Start of Block
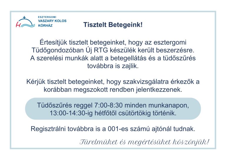 A lakosság figyelmébe ajánljuk, hogy február 11-én, a Betegek világnapján tartott ünnepélyes szentmisével megújult az Esztergomi Vaszary Kolos Kórház kápolna...
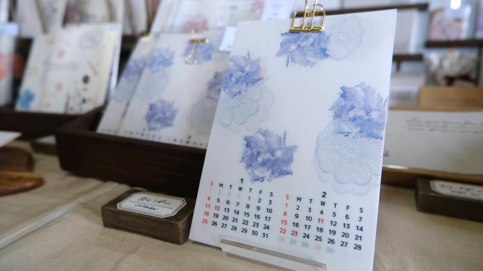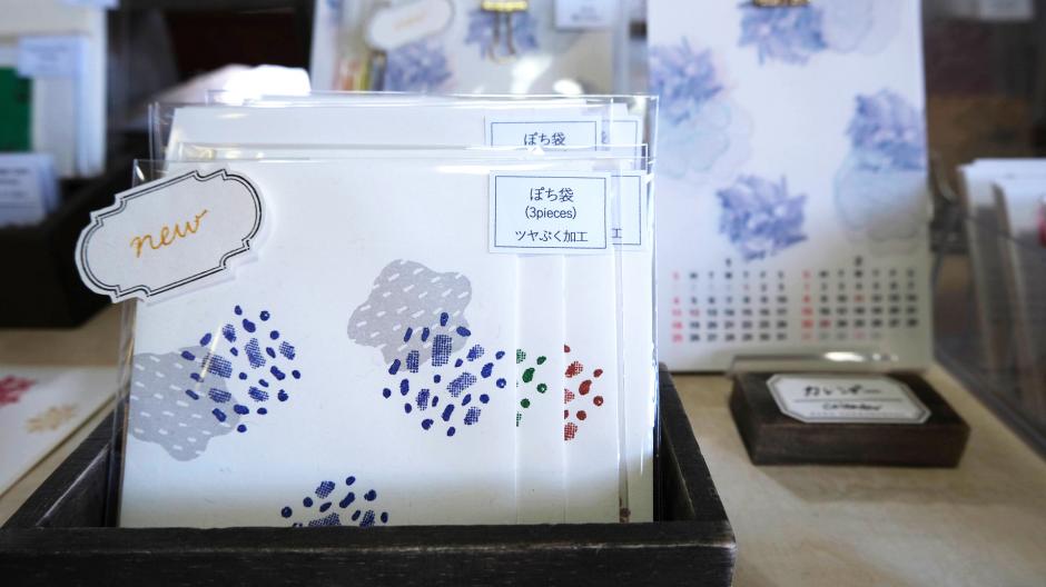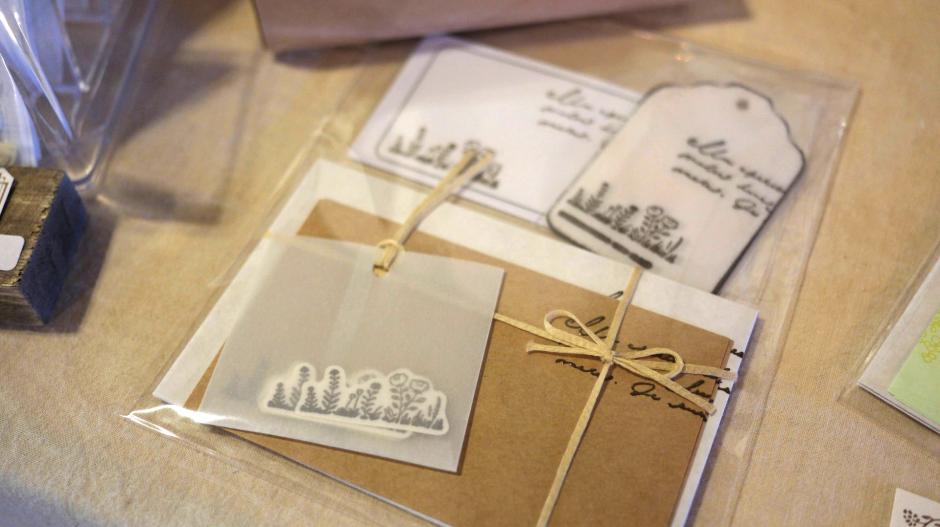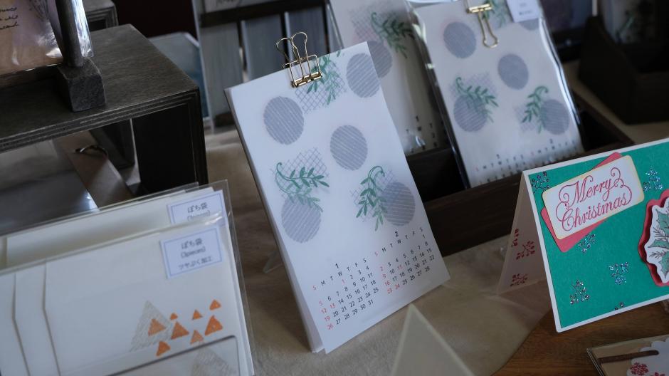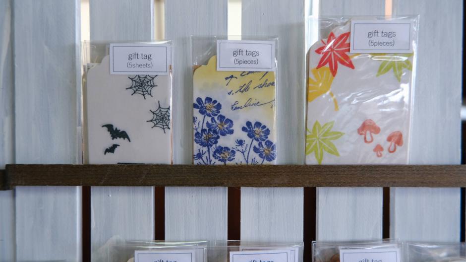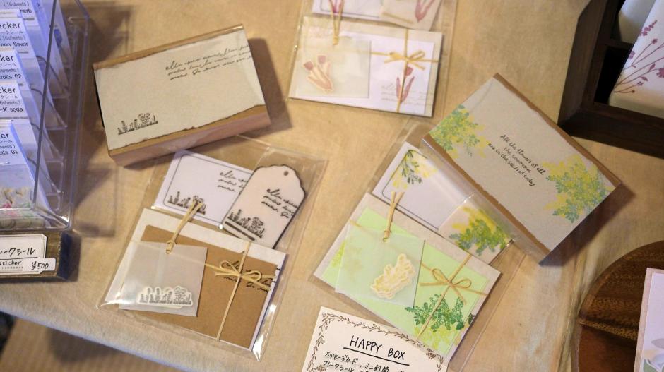 スタンプを組み合わせてデザインし、すべて手捺しして制作した紙ものを扱っています。印刷とは違う風合いをお楽しみください。
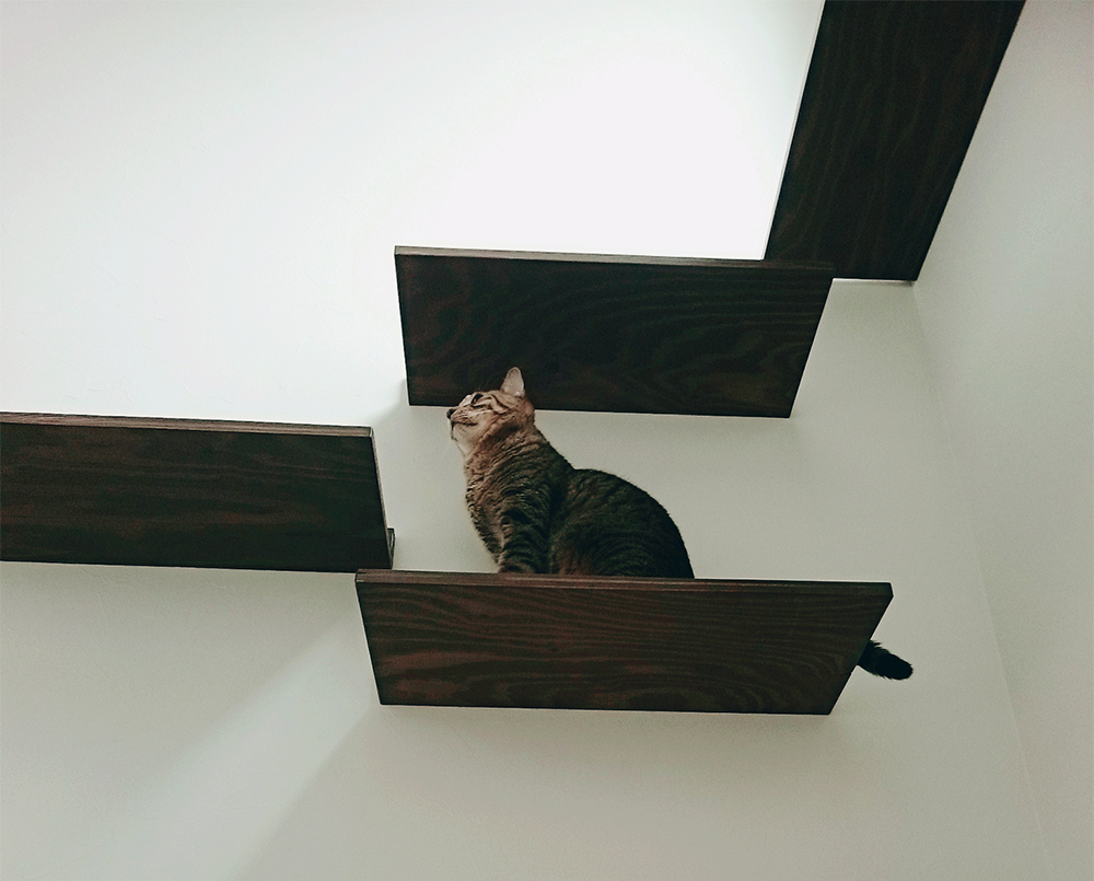 階段下にネコ用スペースがあるなど、自由設計ならではの
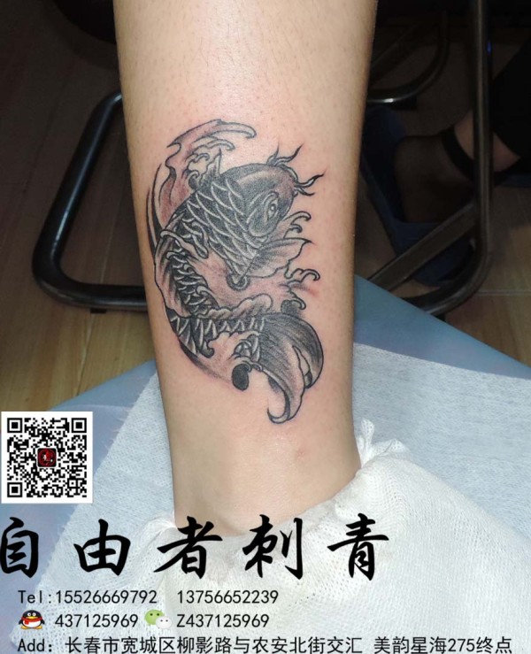 小腿上素色小鲤鱼图案纹身素色小鲤鱼图案纹身_腿部纹身图案大全_纹身图吧
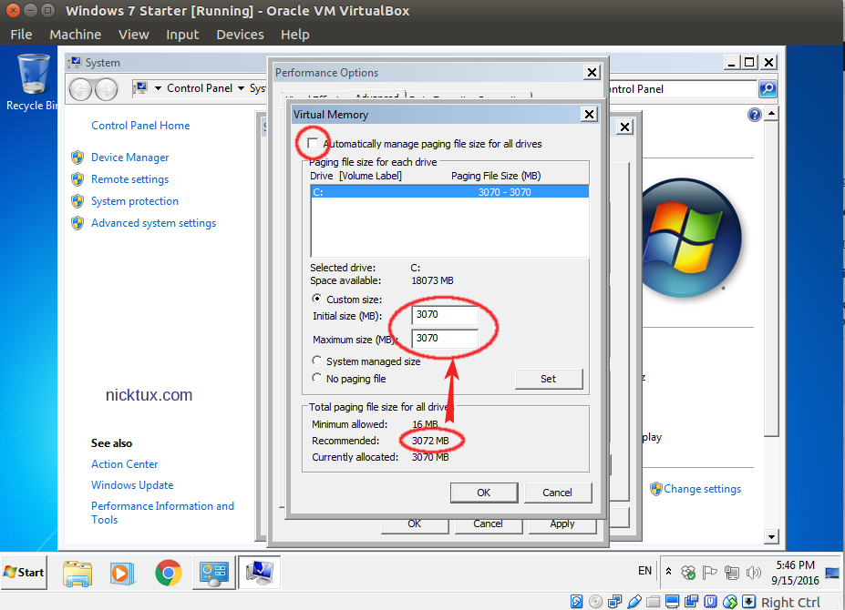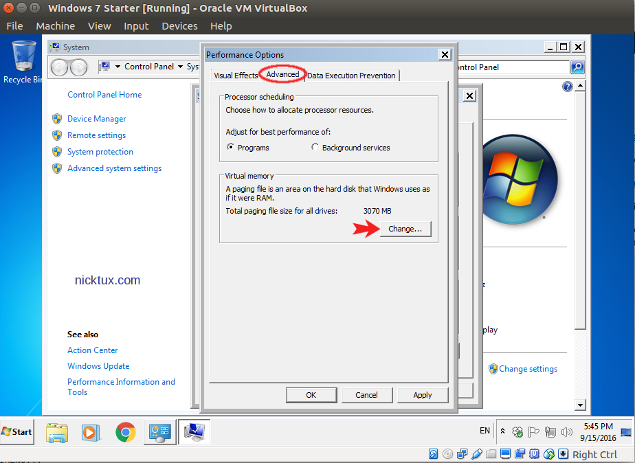 Στην επόμενη καρτέλα «Advanced», μπορούμε να ορίσουμε το μέγεθος του Paging File το οποίο βοηθά σε περίπτωση έλλειψης φυσικής μνήμης. Εδώ βέβαια μιλάμε για την εικονική (στα Windows φαίνεται ως φυσική) μνήμη που έχουμε ορίσει στο Virtual Machine.
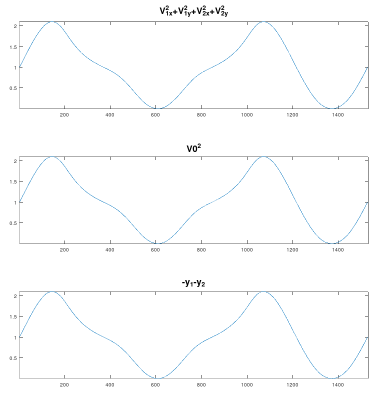 [RUS]Очевидно, что для введенной координаты V0 не выполняется соотношение V0^2=V1x^2+V1y^2+V2x^2+V2y^2. Ниже я привожу графики суммы квадратов скоростей точек 1,2 полученных численно, последнее уравнение делю на две части, которые равны друг другу[/RUS]
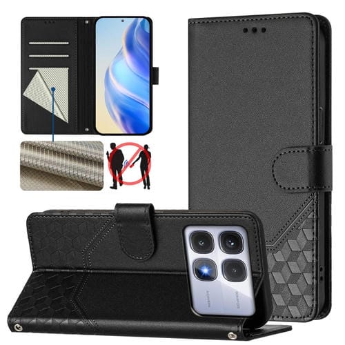 Funda de Cuero Rfid con Relieve de Panal para Redmi K70 Ultra 5G (Negra)
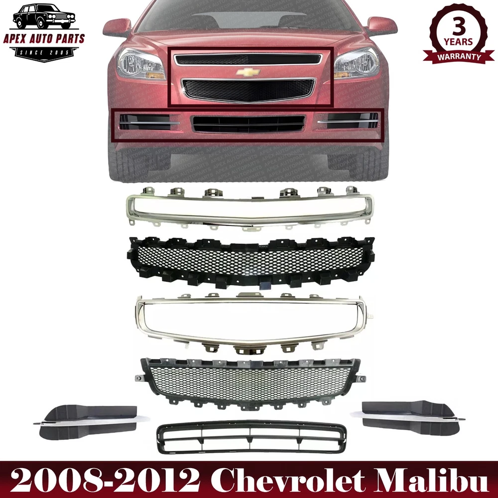 eBay Welcome to APEX AUTO PARTS Store Home About Us Feedback Add To Favorites New Arrivals Ending Soon Contact Us Front Bumper Grille Kit + Chrome Moldings + Fog Light Covers Right Passenger & Left Driver Side For 2008-2012 Chevrolet Malibu Product Description WARNING : This product can expose you to chemical which is known to the State of California to cause cancer and birth defects or other reproductive harm. For more information go to www.P65Warnings.ca.gov. Specifics and Features : Quantity Sold : Set of 7 Product Fit : Direct Fit Recommended Use : OE Replacement Replaces OE Number : 25784042 15823699 25784043 15823704 25905344 25905343 15823701 Replaces Parts link Number : GM1200600 GM1200601 GM1210115 GM1036119 GM1039114 GM1038114 GM1210114 Includes : 1 x Front Bumper Upper Grille 1 x Front Bumper Center Grille 1 x Front Bumper Upper Grille Chrome Molding 1 x Front Bumper Center Grille Chrome Molding 1 x Front Bumper Lower Grille Textured 1 x Front Fog Light Cover Left Driver Side 1 x Front Fog Light Cover Right Passenger Side Notes : Compatible with : 2008-2010 Chevrolet Malibu Hybrid 4 Cyl 2.4L 2008-2009 Chevrolet Malibu LS 6 Cyl 3.5L 2008-2009 Chevrolet Malibu LS 4 Cyl 2.4L 2008-2012 Chevrolet Malibu LT 6 Cyl 3.6L 2008-2012 Chevrolet Malibu LT 4 Cyl 2.4L 2009 Chevrolet Malibu LT 6 Cyl 3.5L Shipping Payment Returns Terms & Conditions Feedback Contact Us DOMESTIC LOWER 48 US STATES: FREE SALES TAX: CA ONLY VERY IMPORTANT: Double check shipping address. We are not responsible for incorrect or undeliverable addresses. Please use Shipping & Payments tab on top of page for shipping details for your location. Shipping to PR, HI, AK and PO Box addresses will be charged the same as shipping to Canada. GU, VI, SAIPAN will be charged the same as international shipping rate. For Canada shipping please select the lowest price. We do not offer expedited shipping. US Territories such as GU, VI, SAIPAN will be charged the same as CANADA shipping rate. Transaction will be held until a full shipping amount received. Some of the packages cannot be delivered to a PO Box. Customer is responsible to ensure PO Box address given is deliverable by the shipping company. Package will be held until a valid physical address is provided. Customer assumes shipping charges incurred in shipping to undeliverable address. International buyers are responsible for all customs duties, taxes, and other applicable fees incurred by the country's customs/border regulations. Please contact customs for more information. We ship 98% of all orders the same or next business day after payment received/cleared. Please understand that once orders are shipped, we cannot control the transit times thereafter. Most orders will ship via USPS First Class/Priority Mail or FedEx/UPS or the best suitable carrier for the specific size of the product. We are not responsible for any changes to address after item has been shipped. Item will be shipped out within 24-48 hours after payment cleared, except for weekends and holidays. PayPal e-check takes 3-7 business days to be processed. We will not ship until an e-check has been cleared. We do not accept returns. However, if there is an issue with your package, please contact us within 5 days of delivery. If we are not contacted within this period, we will be unable to process any claims. For emissions related items, please check with your local jurisdiction for emission specific requirements before purchasing. All items do not come with installation instruction unless otherwise specified. If item is questionable, please consult your local professional/mechanic before making purchase. Shipping DOMESTIC LOWER 48 US STATES: FREE SALES TAX: CA ONLY VERY IMPORTANT: Double check shipping address. We are not responsible for incorrect or undeliverable addresses. Please use Shipping & Payments tab on top of page for shipping details for your location. Shipping to PR, HI, AK and PO Box addresses will be charged the same as shipping to Canada. GU, VI, SAIPAN will be charged the same as international shipping rate. For Canada shipping please select the lowest price. We do not offer expedited shipping. US Territories such as GU, VI, SAIPAN will be charged the same as CANADA shipping rate. Transaction will be held until a full shipping amount received. Some of the packages cannot be delivered to a PO Box. Customer is responsible to ensure PO Box address given is deliverable by the shipping company. Package will be held until a valid physical address is provided. Customer assumes shipping charges incurred in shipping to undeliverable address. International buyers are responsible for all customs duties, taxes, and other applicable fees incurred by the country's customs/border regulations. Please contact customs for more information. We ship 98% of all orders the same or next business day after payment received/cleared. Please understand that once orders are shipped, we cannot control the transit times thereafter. Most orders will ship via USPS First Class/Priority Mail or FedEx/UPS or the best suitable carrier for the specific size of the product. We are not responsible for any changes to address after item has been shipped. Payment Item will be shipped out within 24 hours after payment cleared, except for weekends and holidays. PayPal e-check takes 3-7 business days to be processed. We will not ship until an e-check has been cleared. Returns 30 Days money back, please notify us within 30 days after you've received your purchased item. All return requests must be submitted through your eBay account. You have to obtain a RMA (Return Merchandise Authorization) number from us, and have the RMA number written on the return package. Buyers pay for return shipping fee. Items to be returned must be in resalable condition. All returns are for refund ONLY. No exchange accepted. Returns for refund are subject to a 20% restocking fee. Terms & Conditions For emissions related items, please check with your local jurisdi
End of Block
● **ACTION ITEM**:
Exactly as written, repeat the lines of the material above from the first through the line holding "Funda de Cuero", with both ends in the copy and no pictures.

● **TASK ANSWER**:
 A lakosság figyelmébe ajánljuk, hogy február 11-én, a Betegek világnapján tartott ünnepélyes szentmisével megújult az Esztergomi Vaszary Kolos Kórház kápolna...
 スタンプを組み合わせてデザインし、すべて手捺しして制作した紙ものを扱っています。印刷とは違う風合いをお楽しみください。
 階段下にネコ用スペースがあるなど、自由設計ならではの
 小腿上素色小鲤鱼图案纹身素色小鲤鱼图案纹身_腿部纹身图案大全_纹身图吧
 Στην επόμενη καρτέλα «Advanced», μπορούμε να ορίσουμε το μέγεθος του Paging File το οποίο βοηθά σε περίπτωση έλλειψης φυσικής μνήμης. Εδώ βέβαια μιλάμε για την εικονική (στα Windows φαίνεται ως φυσική) μνήμη που έχουμε ορίσει στο Virtual Machine.
 [RUS]Очевидно, что для введенной координаты V0 не выполняется соотношение V0^2=V1x^2+V1y^2+V2x^2+V2y^2. Ниже я привожу графики суммы квадратов скоростей точек 1,2 полученных численно, последнее уравнение делю на две части, которые равны друг другу[/RUS]
 Funda de Cuero Rfid con Relieve de Panal para Redmi K70 Ultra 5G (Negra)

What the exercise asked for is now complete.